You actually need to read and take advice from some of these responses, because quite frankly, some of the stuff that is covered by posters here, are the only viable options you have. So calm down, thinking practically and try some of the following.
Oh, and the chances of her being taken into care are absolutely miniscule. She is refusing school and staying at home, rather than truanting and cruising estates on the rob.
Right;
Get in touch with the Education Welfare Officer attached to her school. Also see if someone from the school (EWO, Head, Head of Year etc) will visit her at home.

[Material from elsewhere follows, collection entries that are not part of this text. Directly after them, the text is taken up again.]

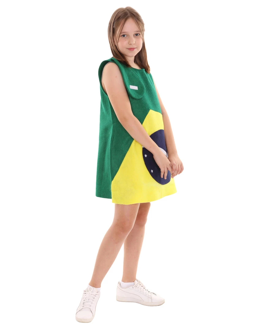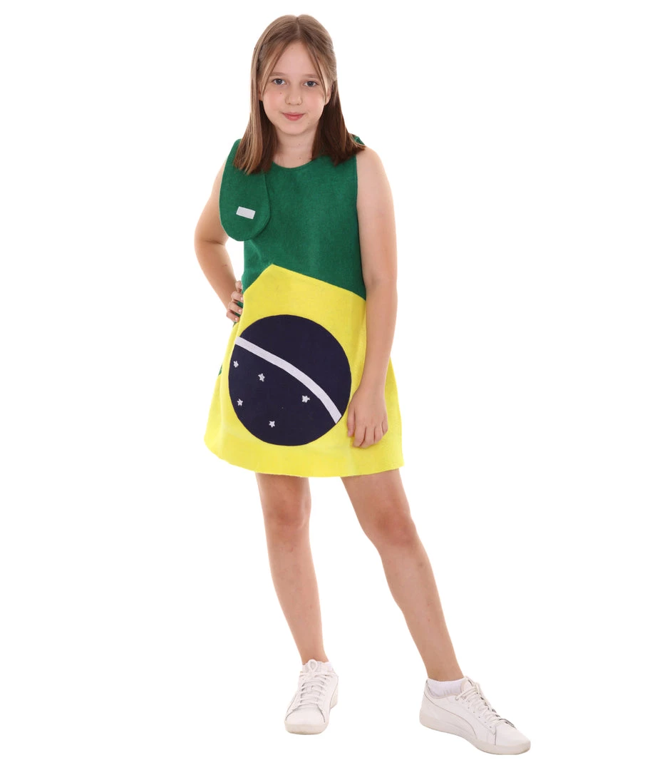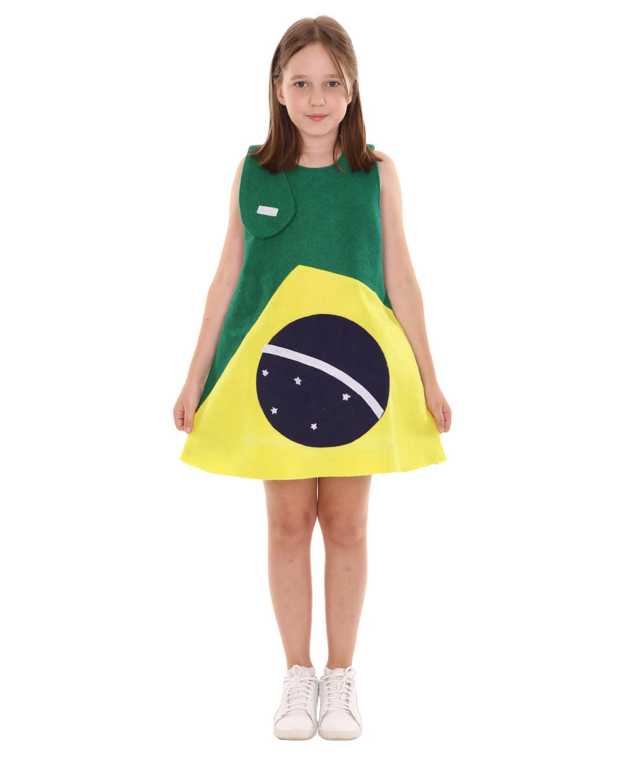 FLAGWIGS Kids Child’s Girl Patriotic Celebratory Brazilian Flag Troll Dress Costume | Patriotic Cosplay Costume
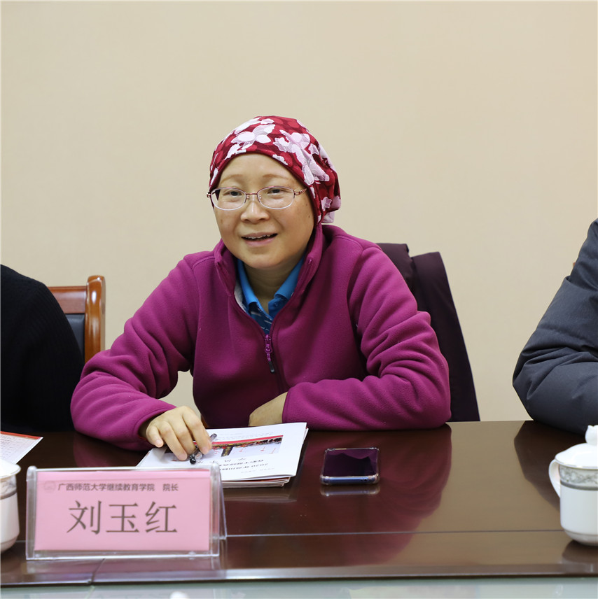 ▲廣西師范大學繼續(xù)教育學院院長、博士生導師劉玉紅教授座談交流
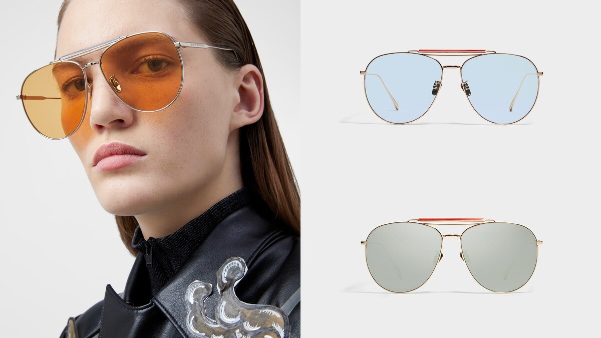 淺色的糖果系鏡片還有此系列,飛行員太陽眼鏡的設計不敗,品牌特地在頂樑部分加入細節,使用灰色和紅色點綴,可使整體造型更亮眼,且採用輕量的鈦金屬鏡框,配戴長時間也不成問題。推出四種不同色系的鏡片選擇。
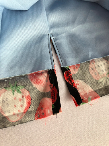 Fold the hem of the frill in three to 1cm seam and sew. Apply zigzag stitches on the edge of the attachment side.
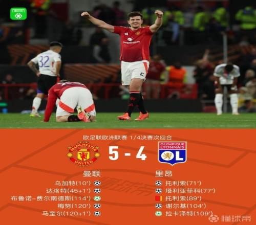 歐聯(lián)1/4決賽次回合,曼聯(lián)與里昂展開對(duì)決。上半場,烏加特和達(dá)洛特先后破門為曼聯(lián)取得兩球領(lǐng)先。下半場,托利索和塔利亞菲科6分鐘內(nèi)扳平比分,托利索隨后吃到第二張黃牌被罰下。90分鐘戰(zhàn)罷,兩隊(duì)?wèi)?zhàn)平進(jìn)入加時(shí)賽。加時(shí)賽,謝爾基破門,拉卡澤特點(diǎn)射得分。不過隨后比賽進(jìn)入最高潮,先是B費(fèi)點(diǎn)球扳回一城。隨后,梅努完成絕平??ㄈ琢_傳中,馬奎爾頭槌絕殺。全場比賽結(jié)束,曼聯(lián)加時(shí)賽連進(jìn)三球5-4逆轉(zhuǎn)擊敗里昂,并且以兩回合7-6的總比分晉級(jí)歐聯(lián)4強(qiáng)。
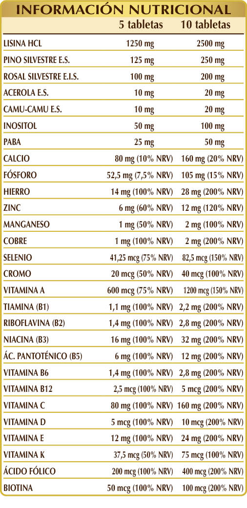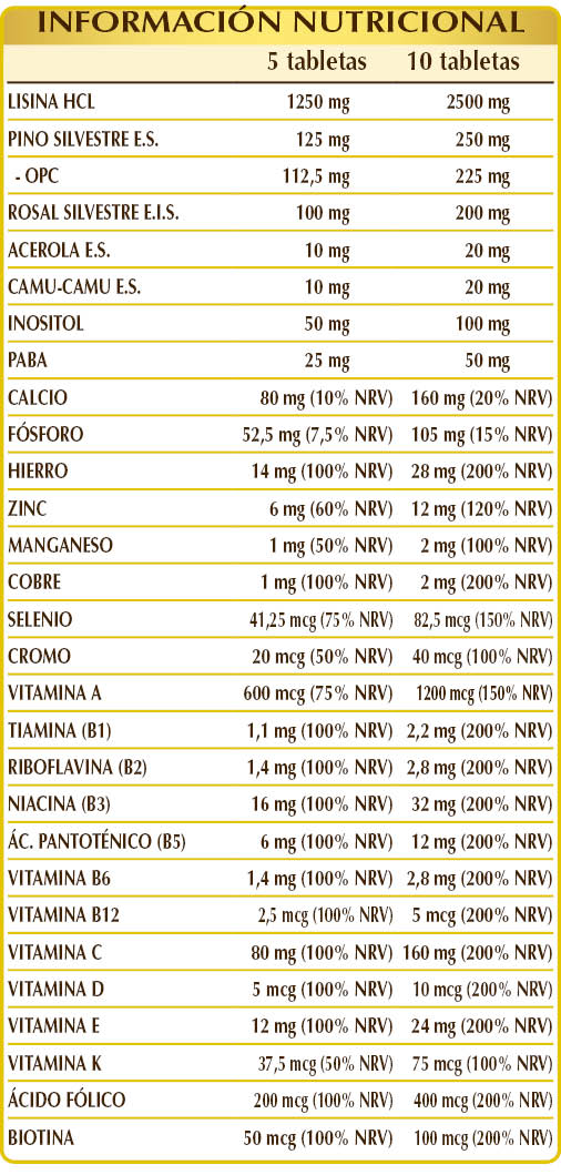 (L-)lisina HCL o clorhidrato, fosfato cálcico dibásico, pino silvestre (Pinus sylvestris) cortezas E.S. (estandarizado al 90 % en proantocianidinas oligoméricas o OPC), celulosa microcristalina°, goma arábiga°, rosal silvestre (Rosa canina) frutos E.I.S. (estandarizado al 70 % en vitamina C), citrato férrico de amonio, mio-inositol de origen vegetal (extraído de semillas de maíz), dióxido de silicio°°, gluconato de zinc, carbonato cálcico, vitamina E de origen vegetal (acetato de D-α-tocoferol), PABA (ácido p-aminobenzoico), vitamina B3 (nicotinamida), estearato de magnesio de origen vegetal°°, acerola (Malpighia glabra) frutos E.S. (estandarizado al 50 % en vitamina C), camu-camu (Myrciaria dubia) frutos E.S. (titulado al 50 % en vitamina C), gluconato de manganeso, gluconato de cobre, vitamina B5 (pantotenato de calcio), vitamina A (acetato de retinilo), vitamina B2 activada (riboflavina 5-fosfato de sodio), vitamina B6 activada (piridoxal-5-fosfato), líquen (Cladonia rangiferina) talo E.S. (titulado en vitamina D3 colecalciferol 100 000 UI/g), vitamina B1 (clorhidrato de tiamina), ácido fólico activado (L-metilfolato de calcio), cromo picolinato, selenito de sodio, vitamina K1 (filoquinona), biotina, vitamina B12 activada (5-deoxiadenosilcobalamina, metilcobalamina). .°Agente de carga. °°Antiaglomerante
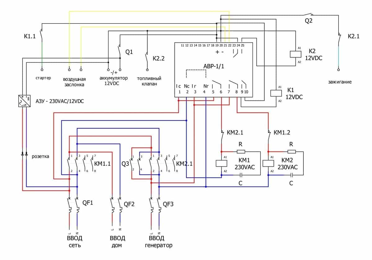Работает все очень просто. Схема АВР на двух контакторах: Надеемся, что эта краткая статья поможет вам собрать и запустить схему автоматического ввода резерва на контакторе, и электроснабжение вашего дома или небольшого предприятия станет бесперебойным.
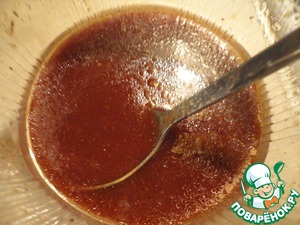Для начала, я с вечера вынула фарш из морозильника, чтобы он к утру разморозился и замариновала куриное филе. Это один из моих любимых маринадов для курицы. Вообще прелесть курицы в том, что она очень легко принимает вкус любого маринада. Итак, из соевого соуса, лимонного сока, растительного масла, томатной пасты, меда и свежемолотого черного перца вилкой сбить маринад-эмульсию.

There is a lot of assumption that she is being bullied but it could literally be anything. If she won't talk to you or the school, does she have any friends that she might be able to have round to the house to spend time with?
Failing this, pass her the phone and the number for Childline (or Samaritans) She needs someone to talk to in confidence, with time to breath and think and no worry of repercussions. Family GP may be useful here as well, they may offer a home visit. It might be worthwhile requesting a CAHMS referral which may do the world of good.
Stop being angry. It's frustrating, but your anger will only cause her to become more reclusive around you. Ask her to join you for family meals, watch the tv together and ask her how she's feeling. If she is despondent or giving muted responses then just accept that and keep on. With patience this should get better. Try a heart to heart when she becomes more responsive and reassure her you are safe to talk to and want to look after her.
If you try these, then you will get somewhere. If you choose to ignore it, then it won't get any better.